Homegrown recorded the score when he bucked off 2016 PBR World Finals event winner Ryan Dirteater in a close 6.65 seconds in Round 3.
While he may have been a top bucker in 2019, when Eno first acquired Homegrown, he didn’t initially see the bovine’s natural talents that led him to make the purchase. Raised by Austin Beasley, the bull was traded to Nevada and Jay Nelson before he came to be owned by the Eno Family.
“I never really actually looked at the bull, other than I saw him buck a couple times and thought he looked pretty good,” Eno said of his path to owning Homegrown. “Then he got delivered up to the house and the first few trips I had him I thought I had just a spinner.”
His doubts however, were quickly erased.
“But then I was talking to Jay and kind of figured a little stuff out,” Eno continued. “He goes by himself at my house, he doesn’t go with general population. If something doesn’t get along with him, it gets moved.
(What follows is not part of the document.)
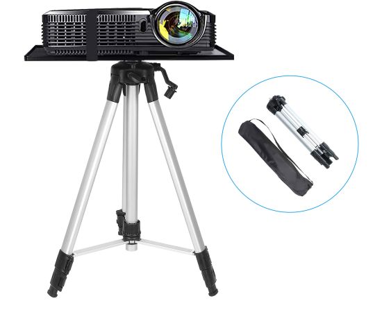 Штатив идеально подойдет для использования как больших, так и малых проекторов. Он имеет прочную алюминиевую конструкцию, которая обеспечивает стабильность и надежность при эксплуатации. Система телескопических ножек с фиксирующимися коленами позволяет регулировать высоту подставки в диапазоне от 50 до 140 см, что позволяет выбрать оптимальное положение для проектора.

So he’s in a big pen with just one other bull.”
As head-turning as Homegrown’s season in 2019 may be, how he came to his current name elicits an equally quick smile.
While the world may know now the prominent Canadian bucker as Homegrown, for Canadian fans they first knew him as Spuds.
“They called him Spuds because [Austin’s] neighbor sold potatoes,” Eno recalled. “Well the reject potatoes, every once in a while, he’d come and dump a load off at his house. After he did the trade [with Nevada], [she] wanted a picture, so he said he went out to get a picture, and this calf was out, and he was standing over at the potatoes and he’s eating the potatoes.
“He got a picture, and [the calf] turned and looked at him with a potato in his mouth. So that’s how he came up with the name Spuds. But then I changed it because the first couple of events I went to, he kept coming up TNT Bucking Bulls, so I just changed the name. And that’s how I come up with Homegrown, because homegrown potatoes.”